Here's me searching for bivalves in a rubble/sand habitat and the one pearl oyster I found there.
I also had to free-dive to check my tiles, which was not the plan since they're at 7-15 ft deep. However it worked, at least until this turtle suddenly appeared right in front of me and scared the hell out of me just after I'd seen a shark! He circled around me several times, so I have lots of great photos of him!

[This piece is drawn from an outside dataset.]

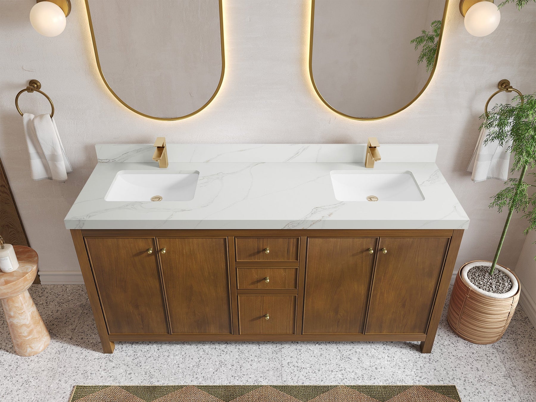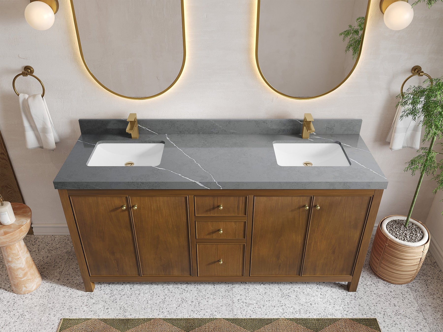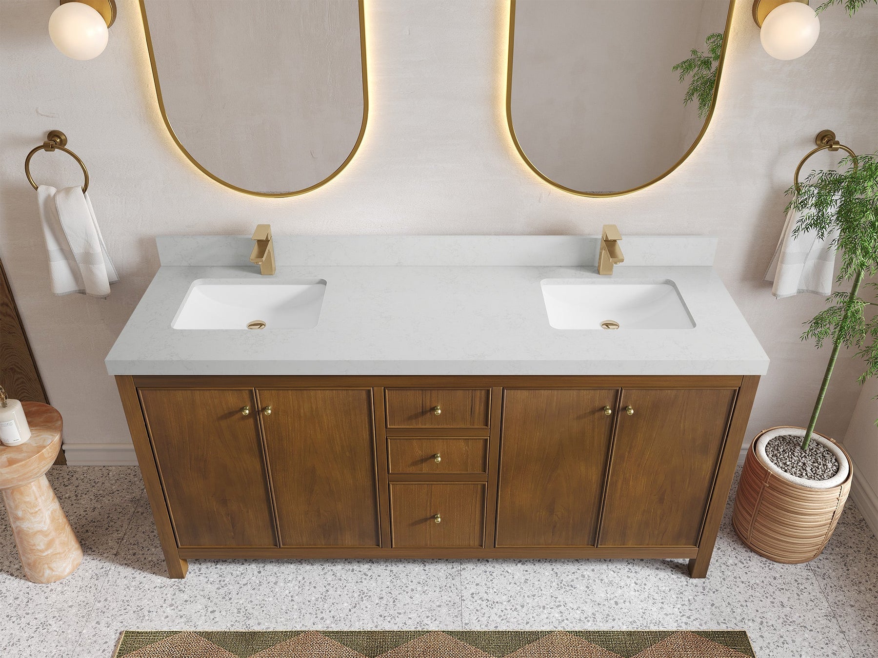 Chicago Teak 72 in. W x 22 in. D Double Sink Bathroom Vanity - Willow Bath and Vanity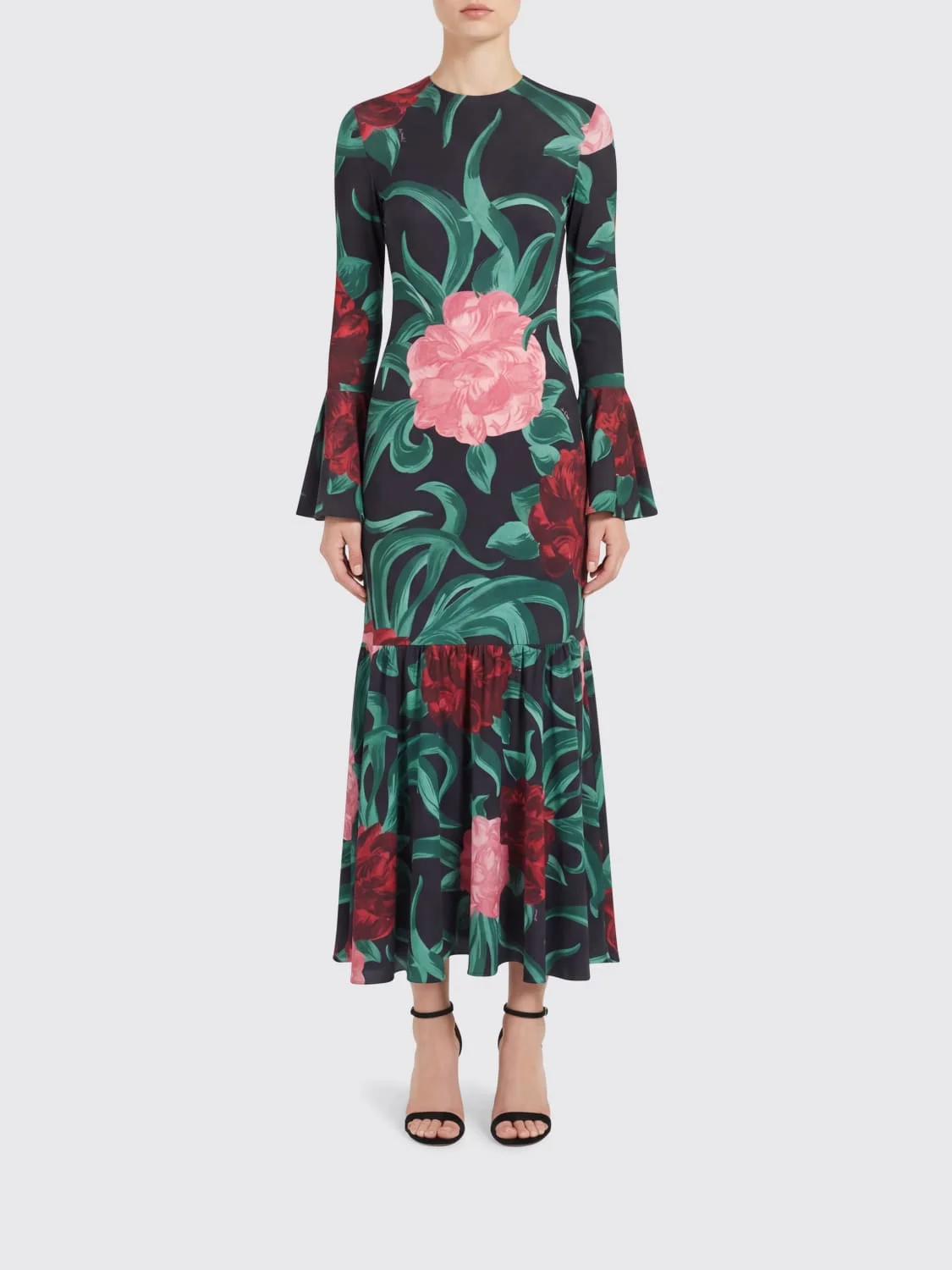 DESCRIPTION - Style: Romantic - Neckline: Crewneck - Shoulders: Regular - Closure: Back closure with zip - Bottom: With straight hemline - Length: Midi dresses - Occasion: Ceremony and cocktail dresses, Morning dresses - Sleeves: Long sleeve dresses - Materials: Stretch viscose - Pattern: Floral DETAILS AND CARE Composition | 92% Viscose 8% Elastane SIZE AND FIT Sizes not available Size and fit Slim fit Designer code: DRE0670JER027PEO05 BL01 Giglio Code: H96523 Designer: La Doublej Collection: Clothing La Doublej Category: Clothing > Dress

I also checked my spat collectors for bivalve recruitment (or rather I retrieved them and Anne checked through them while I checked my tiles in the water). They're singularly uninteresting right now because we moved nearly all of the pearl oysters to tiles and we're receiving very little recruitment so far this year. I even looked for two pearl oysters that Don and our field assistant Kate had found in the harbor two years ago, but found no pearl oysters - there was some cool calcified green algae Halimeda and lots of juvenile fish and Spondylus cliff oysters though.
The last two days, despite beautiful weather, we've stayed on land because we don't have much more work to do on the water without being able to scuba dive. We've done paperwork, mailed off a sample of pressed algae from the bloom we saw last week, and power-washed the boat today, which was exhausting and very, very hot in the sun!!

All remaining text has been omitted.